## YOUR OBJECTIVE
If you see a picture in the data below, omit it and copy the rest exactly.

## DATASET SECTION
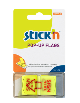 【貨品名稱】HOPAX STICK'N 26015 螢光黃色"SING HERE"旗仔(50張)
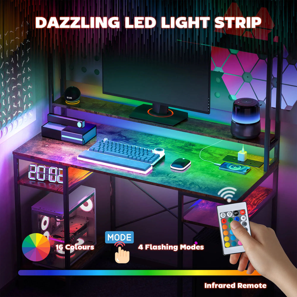 Transform your workspace with the HOMCOM computer desk with storage, designed for both style and functionality. It features a built-in charging station with two power outlets and two USB ports, keeping your devices powered up and organised. Customise the ambiance with RGB LED lights and enjoy the ergonomic monitor stand that promotes comfort with lots of storage options, including shelves and CPU stands. This HOMCOM writing desk helps you keep your home office or study area tidy and efficient.
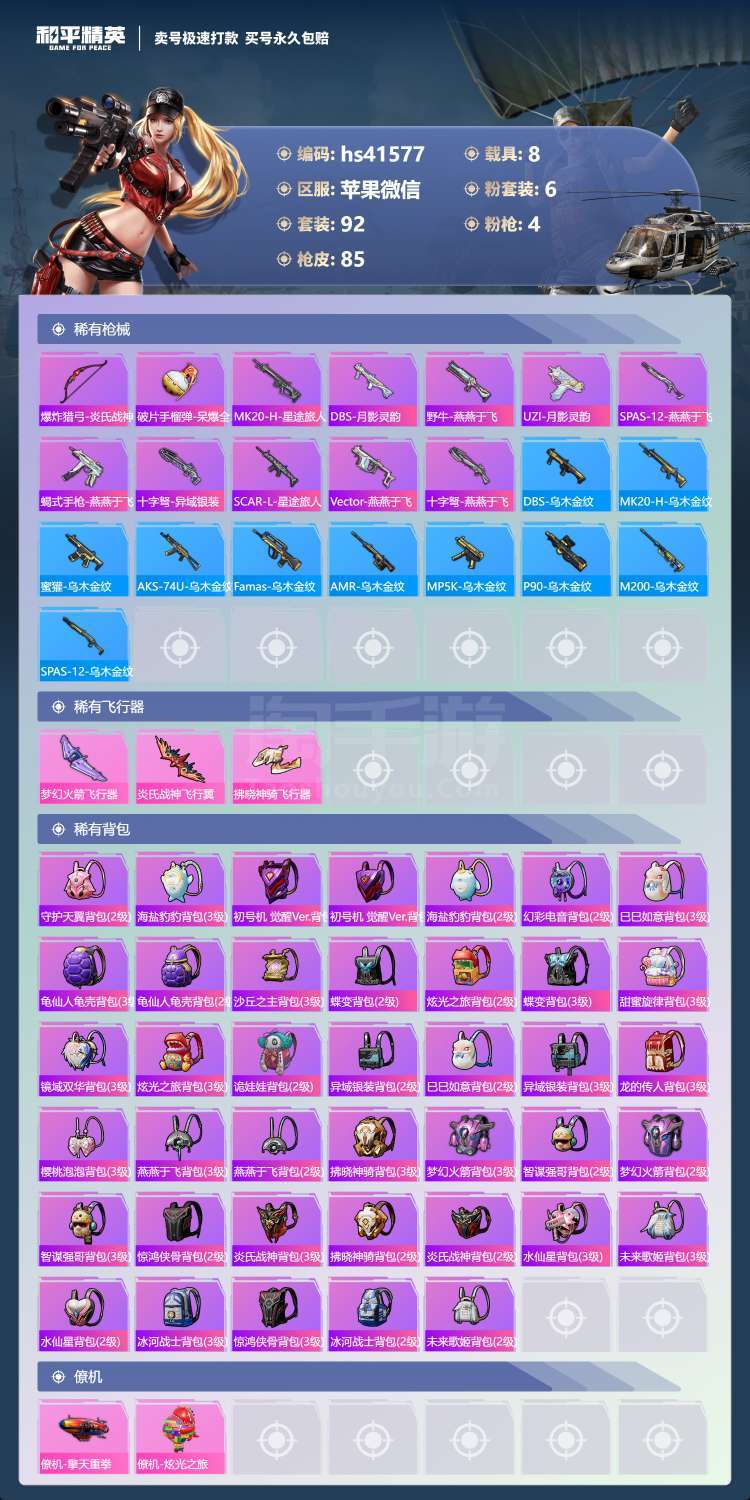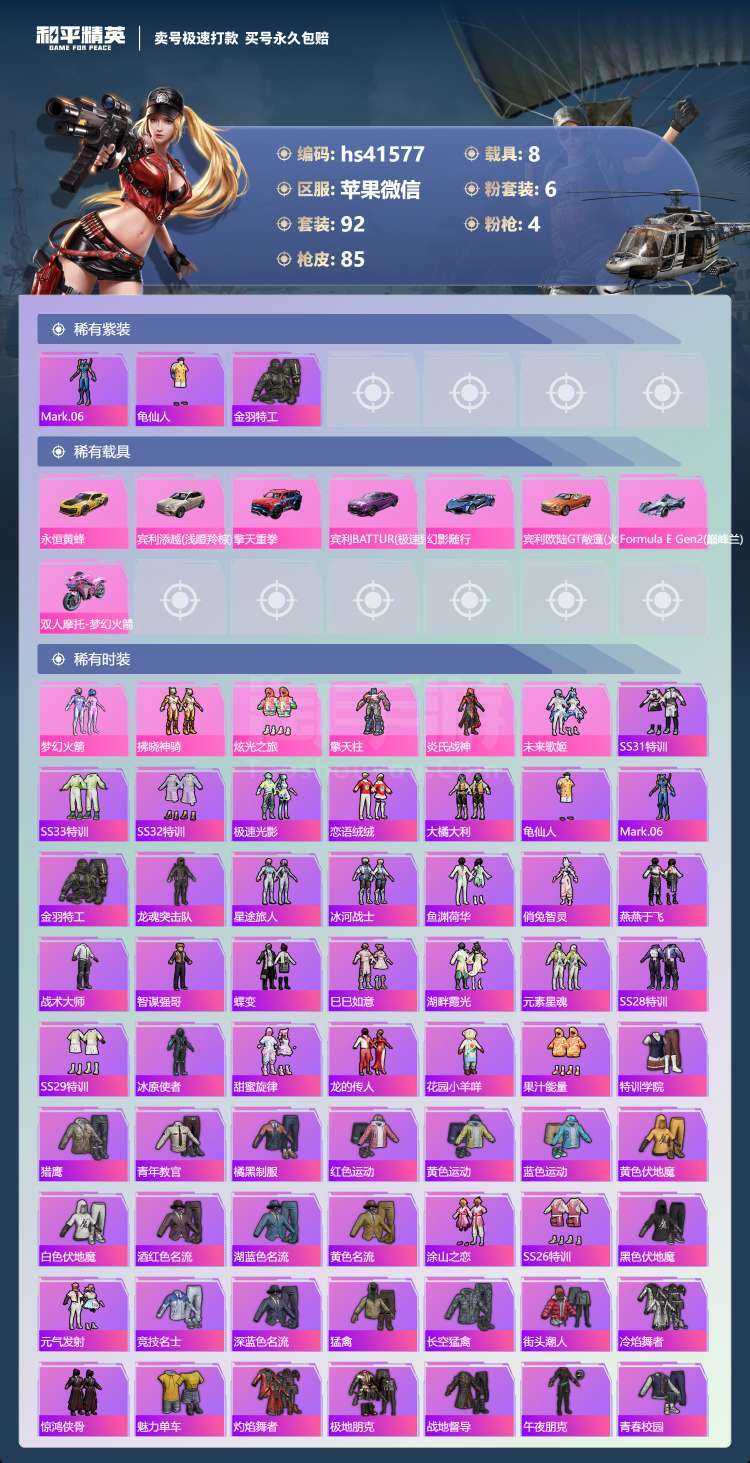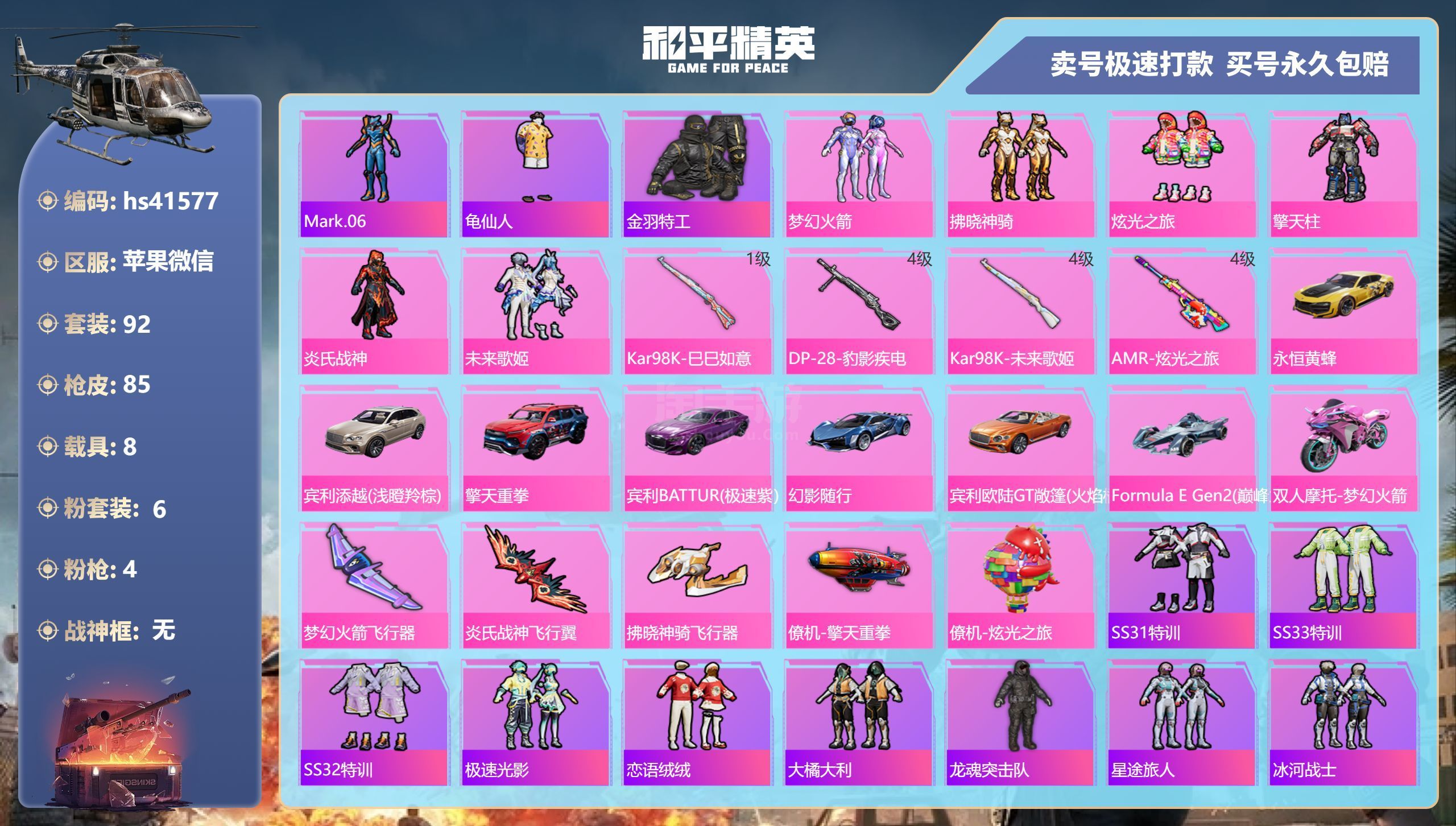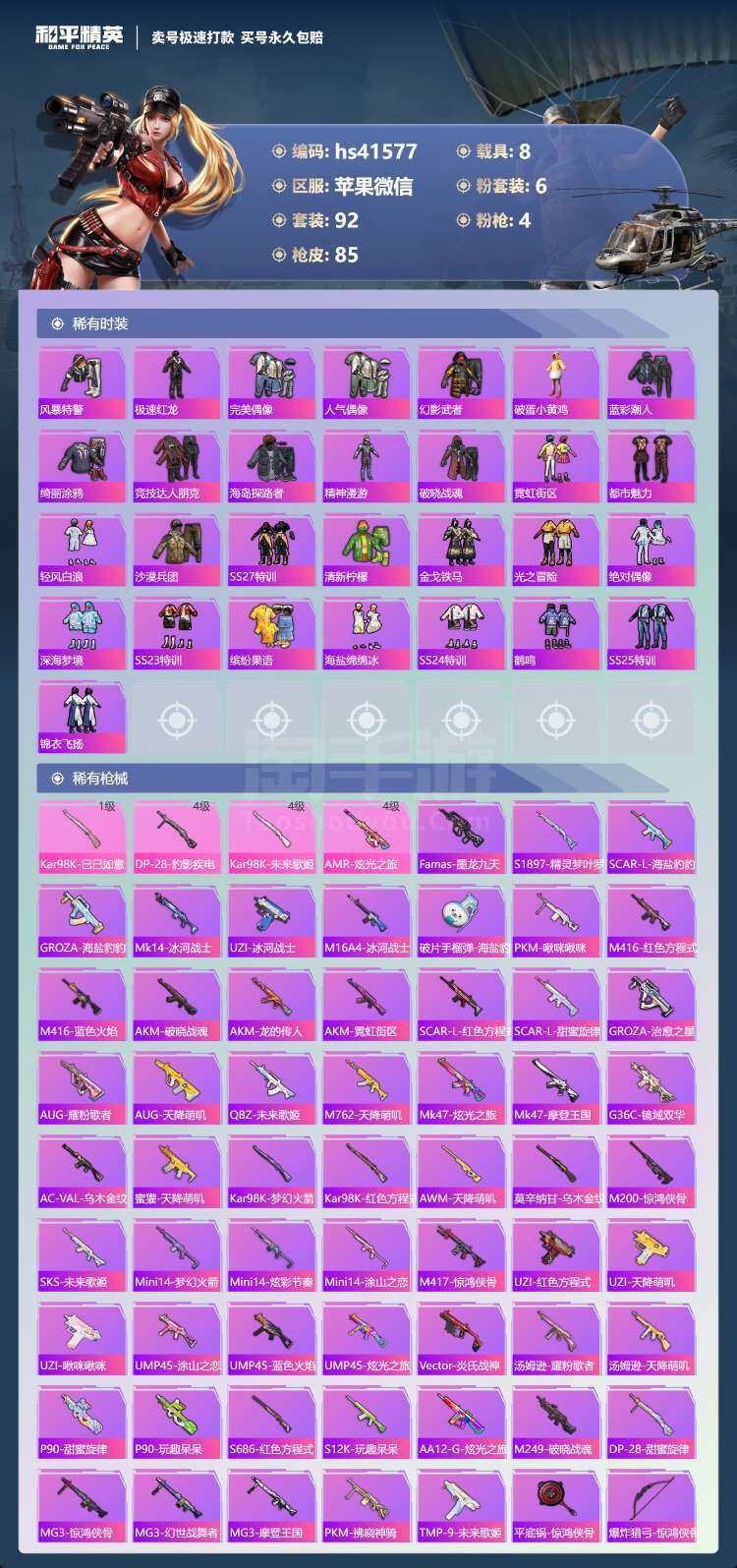 hs41577 苹果微-1王牌印记-6粉装-4特效枪-8载具-39166热力值-92套装-85枪皮

## TASK SOLUTION
 【貨品名稱】HOPAX STICK'N 26015 螢光黃色"SING HERE"旗仔(50張)
 Transform your workspace with the HOMCOM computer desk with storage, designed for both style and functionality. It features a built-in charging station with two power outlets and two USB ports, keeping your devices powered up and organised. Customise the ambiance with RGB LED lights and enjoy the ergonomic monitor stand that promotes comfort with lots of storage options, including shelves and CPU stands. This HOMCOM writing desk helps you keep your home office or study area tidy and efficient.
 hs41577 苹果微-1王牌印记-6粉装-4特效枪-8载具-39166热力值-92套装-85枪皮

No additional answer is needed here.